# Bee in flight



## carlos58 (Dec 2, 2010)

Hello everyone


----------



## timethief (Dec 2, 2010)

fantastic. looks like he is trying to clean himself in the last one.


----------



## Marc-Etienne (Dec 2, 2010)

Your macro work always amaze me!    

How do you manage to get that little guy on focus? I tried my first bug macro this week. It was a slow and stupid caterpillar (half frozen in Canadian winter too!!!) and I had a hard time having him sharp on the eyes. 

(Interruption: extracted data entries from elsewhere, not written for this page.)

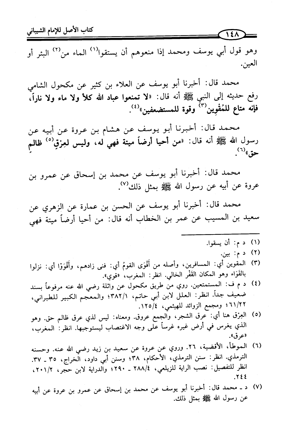 (¬7) د - محمد قال: أخبرنا أبو يوسف عن محمد بن إسحاق عن عمرو بن عروة عن أبيه عن رسول الله - صلى الله عليه وسلم - بمثل ذلك.
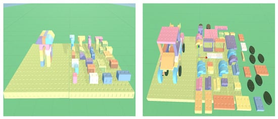 Participants formed pairs and entered the virtual environment. On the left side of this virtual environment, a completed block assembly served as a sample (target), while on the right side, the blocks used in the sample were laid out on the ground (source) (see Figure 4). The objective of each task was for participants to use the source blocks to complete the target assembly. In the first experiment, Task 1, as shown on the left in Figure 4, participants initially created a house located on the left. In the second experiment, Task 2, they created a truck located on the right in Figure 4. Half of the experimental groups had the condition ‘with view sharing’ in Task 1 and ‘without view sharing’ in Task 2, while the other half had the opposite condition, ‘without view sharing’ in Task 1 and ‘with view sharing’ in Task 2. There were no constraints on the assembly sequence or methods other than this.
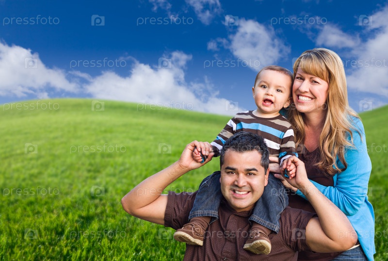 Молодая семья на газоне
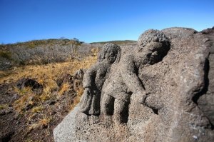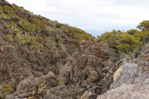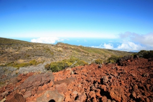 ITINERAIRE Maïdo (2203m), la Glacière (2489m), Piton Rouge (2401m), route forestière du Piton Rouge (1820m). Avant de débuter notre randonnée, on va faire un petit détour par le belvédère du Maïdo, d’où on surplombe Mafate et ses divers "ilets", les thèmes abordés seront l’histoire et le peuplement du Cirque, très lié à celle de François Mussard, la première personne en 1700 à obtenir une concession entre le Ravine Trois-Bassins et Grande Ravine dans l’actuelle commune de Trois-Bassins. Cellle-ci possède au sommet de ses montagnes, les sites du Grand Bénare et de la Glacière qu’on atteint au bout de 2h de marche. A certaines périodes, la glace peut recouvrir en partie le chemin (Bénare vient du malgache, qui signifie grand froid). Les trois puits construits au siècle dernier à l’aide de pierres. On y stockait la glace qui se formait naturellement dans les basssins; Elle était ensuite acheminée à dos d’homme dans les sacs ou pilés en pains de 25kg, le long du chemin dit de la Glacière jusqu’à la Maison des Villèles chez Mme Desbassyns. Deux heures de marche supplémentaires pour rejoindre la Caverne du "roi Phaonce" caverne supposée avoir servie d’abri à l’esclave marron Phaonce et tombe supposée être également la sienne. Cet ancien roi des marrons avait ses gardes, sa hiérarchie, et rendait lui-même sa justice. On entame l’ascention du Piton Rouge (2401m), le sentier qui y mène au site poursuit dans un paysage désertique et rocailleux (sol basaltique). De là, on peut admirer des bas-reliefs du sculpteur Gilbert Clain rendant hommage aux marrons. L’épopée des marrons marque l’histoire des hauts de l’Ouest de la fin du XVIIème siècle à l’abolition de l’esclavage de 1848. Epris de liberté en fuyant la cruauté de leurs maîtres, les esclaves "partaient marrons" dans des lieux difficilement accessibles; Ils ont leur chef, leur organisation. La descente jusqu’au camp du Piton Rouge traverse un paysage assez pittoresque formé de végétation arbustive composée notamment de tamarins des hauts, de branles (fausse bruyère) et de "petit tamarin", avec par endroit des clairières cela jusqu’à la route forestière du Piton Rouge. PRATIQUE : Prévoir deux voitures, une au début du sentier du Maïdo et une à l’arrivée au sentier du Piton Rouge. Si vous n’avez pas de deuxième voiture vous pouvez appeler un taxi pour venir vous chercher à la fin de votre randonnée. Vous pouvez aussi faire cette randonnée accompagné d’un guide.
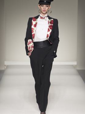 A Moschinonál Rossella Jardini szintén a férfias-nőies pólus hangsúlyozására ment rá. Őt viszont nem a rosszfiús, sokkal inkább az egyenruhás vonal inspirálta: mintha csak egy tengerészeti díszszemlére csöppentünk volna, a hangulatra a tányérsapkák is rásegítettek. Itt szó sem lehetett arról, hogy el legyenek méretezve a ruhák, minden szabásvonal nagyon feszesen állt a helyén. Színekben a fekete-fehér mellett a tengerészkék, a bordóba hajló vörös és az arany volt jellemző.
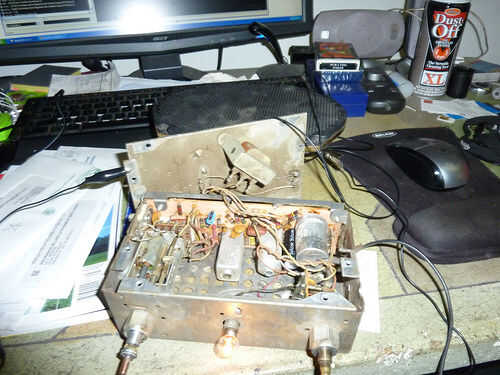 En mi caso, estoy usando la radio de mi carro de Ford 66 y usando la entrada para escuchar música desde un reproductor de mp3. La radio es aproximadamente tan simple como puede ser: Soy único, mono salida pero esto se puede hacer para estéreo fácilmente (más fácilmente de hecho!).
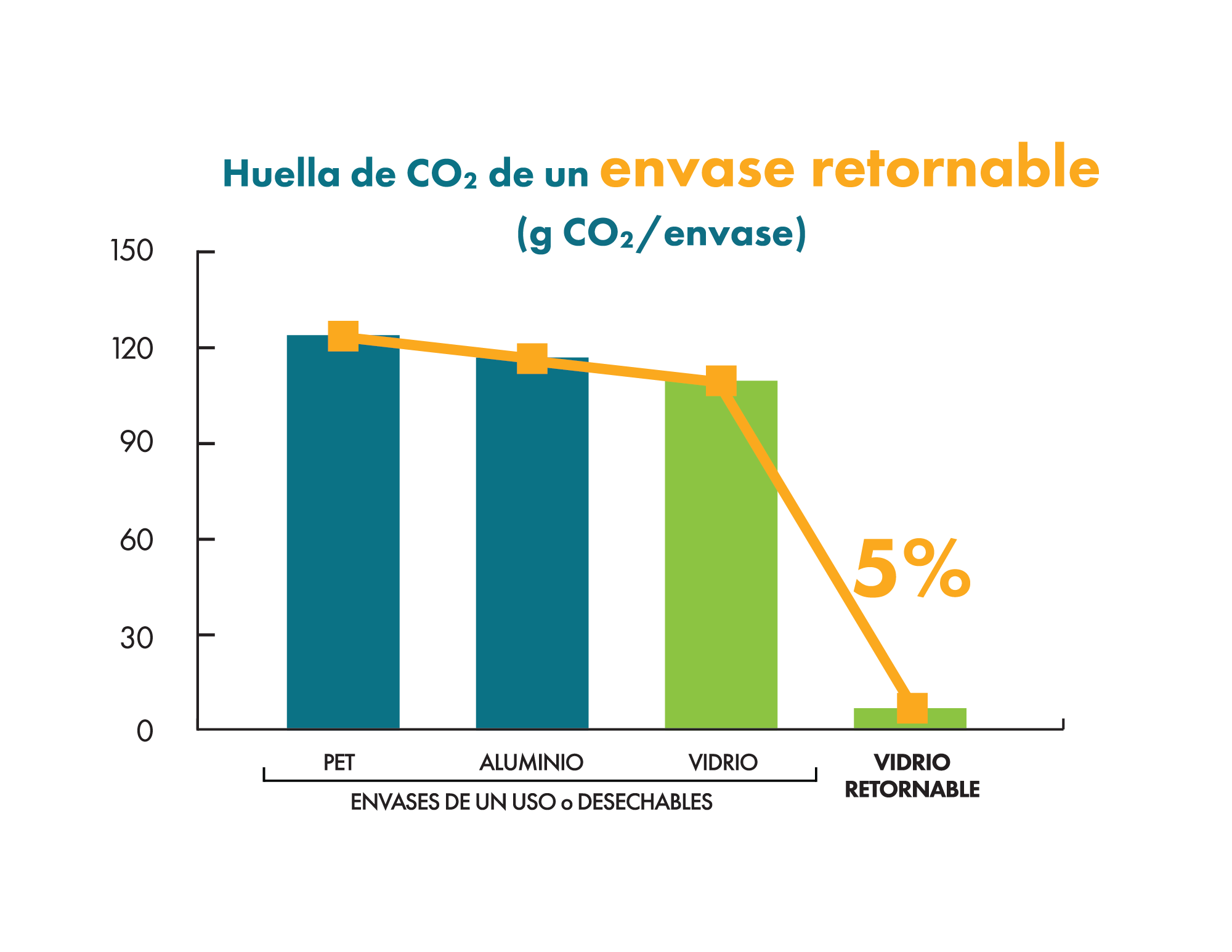 Con cada ciclo sucesivo de reutilización los envases de vidrio retornable disminuyen su huella de carbono. Si estos se reutilizan solamente 20 veces, se trata de una botella con una huella de carbono de tan solo el 5% respecto a cualquiera de las alternativas de envase desechables, ¡tan pequeña como 7g CO2/envase! Gracias a esta propiedad se puede afirmar que la botella de vidrio retornable es la opción de envase más amigable con el medio ambiente.
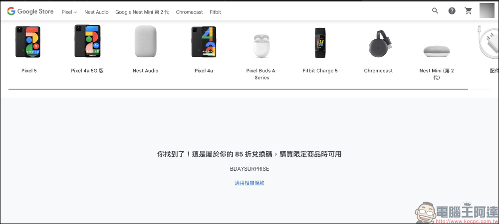 即日起至 2021 年 9 月 27 日 23:59 前於台灣 Google 商店購買商品,輸入折扣碼「BDAYSURPRISE」即可享 85 折優惠價。本優惠不能使用於購買 Pixel 手機。
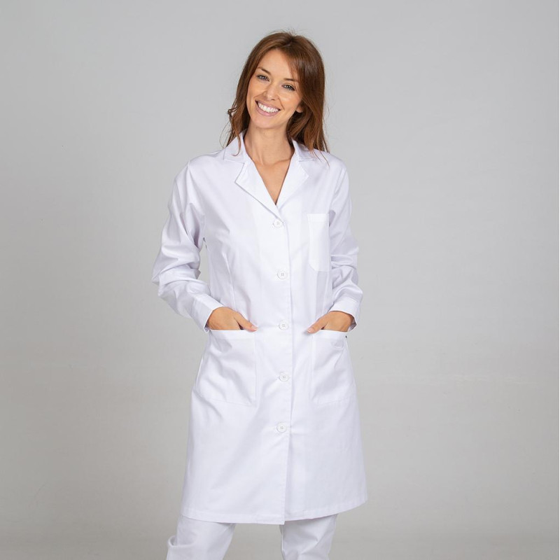 Bata de mujer con manga 3/4, de diseño moderno. Con manga francesa y cierre de botones vistos en la parte delantera y cuello chimenea. Modelo ajustado con costadillos en la parte delantera y trasera, así como un cinturón trasero, para proporcionar un ajuste personalizado. La bata cuenta con un bolsillo en el pecho izquierdo y dos bolsillos en la cintura. Fabricada en un 65% sarga y 35% PES CO - 200gr/m2. Es ideal para uniformes sanitarios, farmacia y demás profesionales sanitarios o para veterinaria, limpieza o comercio. * Las medidas son orientativas y pueden variar en unos pocos cm. La medida de pecho indicadas en la imagen corresponden a los cm. de la prenda sobre una superficie plana, para determinar el contorno aproximado se debería multiplicar la medida x2.
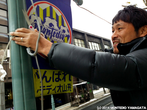 昨日(12/16)、山形市中心商店街に掲出されているモンテディオ山形のフラッグ撤去が行われました。
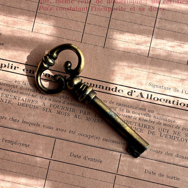 まるで物語の扉を開くような、美しい装飾が施されたフランスアンティークの鍵。
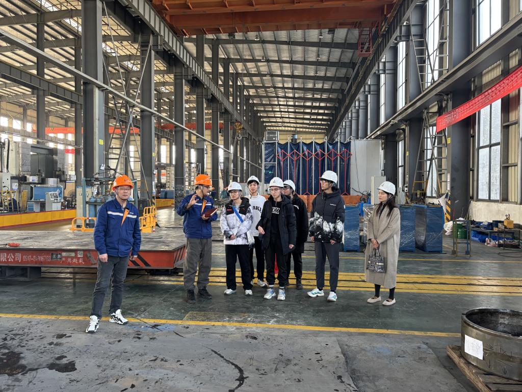 在磁选机制造车间,企业技术人员系统讲解了各类磁选机的工作原理、结构设计与制造工艺。面对正在组装的庞大机身与精密的磁系总成,同学们亲眼见证了图纸上的设计如何一步步转化为实体装备,也对精度控制、材料选型与工艺优化在高端制造中的关键作用有了更深的体会。从重型机架的焊接到“磁力心脏”——磁系总成的精密装配,每一道工序都使书本上的“智能制造”变得真切而生动。
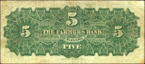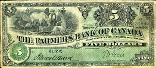 1908 Farmers Bank of Canada $5 Note The Farmers Bank of Canada had a very brief and disgraceful career, failing disastrously in 1910. It was grossly mismanaged, and violated the Bank Act from its beginning. Funds were lost in silver mine speculation which ought to have been used for proper banking activities. Its failure was the subject of a parliamentary investigation. The bank issued a range of notes from $5 through $100 in 1907-08, including an unusual and attractive $25 denomination. All notes issued by the bank are very rare, and only the $5 is available at all (at a hefty price) to the collecting public. Other denominations such as still survive are permanently located in institutional collections. Notes of the bank are still redeemable, having been guaranteed by the Bank Note Redemption Fund established under the 1891 revision of the Bank Act. Contributor: RJG [ Back ] |
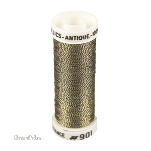 Тонкая металлизированная нить Au Ver à Soie Antique для вышивки и ручной работы. Цвет: #901 (светлое золото/черный). Состав: 35% полиэстер, 65% купро (тонкая шелковая вискоза). Производство: Франция. Цена указана за 1 шт. (100 метров).
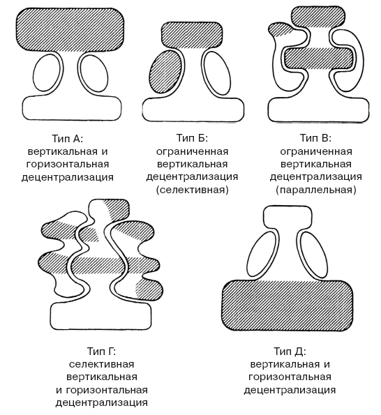 В зависимости от того, как происходит тот или иной выбор, получаются разные конфигурации – в принципе, возможны многочисленные варианты. Но на практике, и мы это покажем, число эффективных для большинства организаций конфигураций не столь уж велико. Лейтмотивом данной книги является мысль о том, что за большинством тенденций, которые подталкивают эффективные организации к выбору той или иной структуры, стоит ограниченное число конфигураций. Другими словами, построение эффективной организационной структуры – а в общем, и диагностика проблем многих неэффективных структур – приводит к рассмотрению всего нескольких базовых конфигураций.

Awesome work, looking forward to your next post!


----------



## Frequency (Dec 2, 2010)

Pure Magic!!!!

Regards


----------



## DirtyDFeckers (Dec 7, 2010)

These are insane!  Well done!


----------



## burgo (Dec 8, 2010)

amazing images. well done.


----------



## LightSpeed (Dec 8, 2010)

Extreme. Very well done. 5 stars.


----------



## Rekd (Dec 8, 2010)

Epic!


----------



## ChrisA (Dec 9, 2010)

Did you use a remote trigger to get these ?  Great shots.


----------



## carlos58 (Dec 9, 2010)

Thank you very much


ChrisA said:


> Did you use a remote trigger to get these ? Great shots.


 No Chris , free hand and fast, fast time


----------



## NateS (Dec 9, 2010)

Great shots...very impressive.


----------